### INSTRUCTIONS TO FOLLOW:
Nothing but the pictures may be dropped; the rest of the listing is to be written out exactly.

--- DATA SECTION Enclosed Below ---

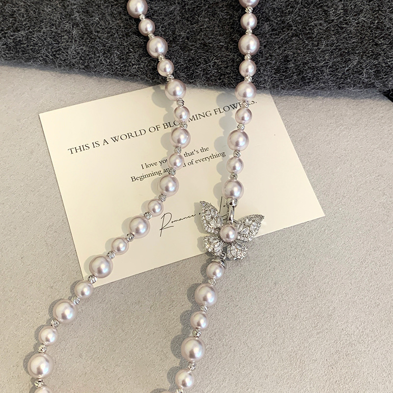 マンタのバラの蝶の真珠のネックレスの女性の秋冬の長いタイプのビーズのセーターのチェーンの高級感の百合の軽い豪華なアクセサリー
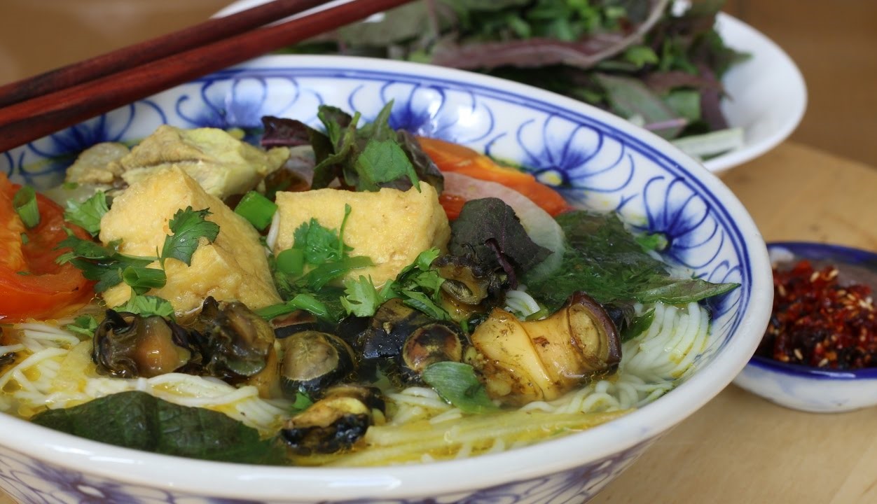 В супе вы найдете рисовую лапшу, кусочки тофу, иногда свиные ушки или кровяную колбаску. Подают его с тарелкой свежей зелени: базиликом, банановым цветом, листьями горчицы. Перед едой в суп часто добавляют немного ферментированной креветочной пасты для усиления вкуса. Это сытное и ароматное блюдо, популярное как на севере, так и на юге Вьетнама.
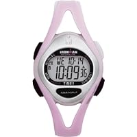 Timex gives its signature Ironman Triathlon multi-function, performance sport watch a sleek new look that's a great fit for both men and women. Featuring a full complement of athletic timing features and a striking profile, the Timex Triathlon Sleek T5D601 has a metallic silver resin case that's complemented by a uniquely styled, slim profile pink resin strap. It features three alarms that can be set for daily/weekday/weekend/weekly alarms, two time zones, an all-day white reflector display for easy reading even in direct sunlight, and water resistance to 100 meters. Sport timing functions include:

--- End of Enclosed DATA SECTION ---

### RESPONSE AREA:
 マンタのバラの蝶の真珠のネックレスの女性の秋冬の長いタイプのビーズのセーターのチェーンの高級感の百合の軽い豪華なアクセサリー
 В супе вы найдете рисовую лапшу, кусочки тофу, иногда свиные ушки или кровяную колбаску. Подают его с тарелкой свежей зелени: базиликом, банановым цветом, листьями горчицы. Перед едой в суп часто добавляют немного ферментированной креветочной пасты для усиления вкуса. Это сытное и ароматное блюдо, популярное как на севере, так и на юге Вьетнама.
 Timex gives its signature Ironman Triathlon multi-function, performance sport watch a sleek new look that's a great fit for both men and women. Featuring a full complement of athletic timing features and a striking profile, the Timex Triathlon Sleek T5D601 has a metallic silver resin case that's complemented by a uniquely styled, slim profile pink resin strap. It features three alarms that can be set for daily/weekday/weekend/weekly alarms, two time zones, an all-day white reflector display for easy reading even in direct sunlight, and water resistance to 100 meters. Sport timing functions include:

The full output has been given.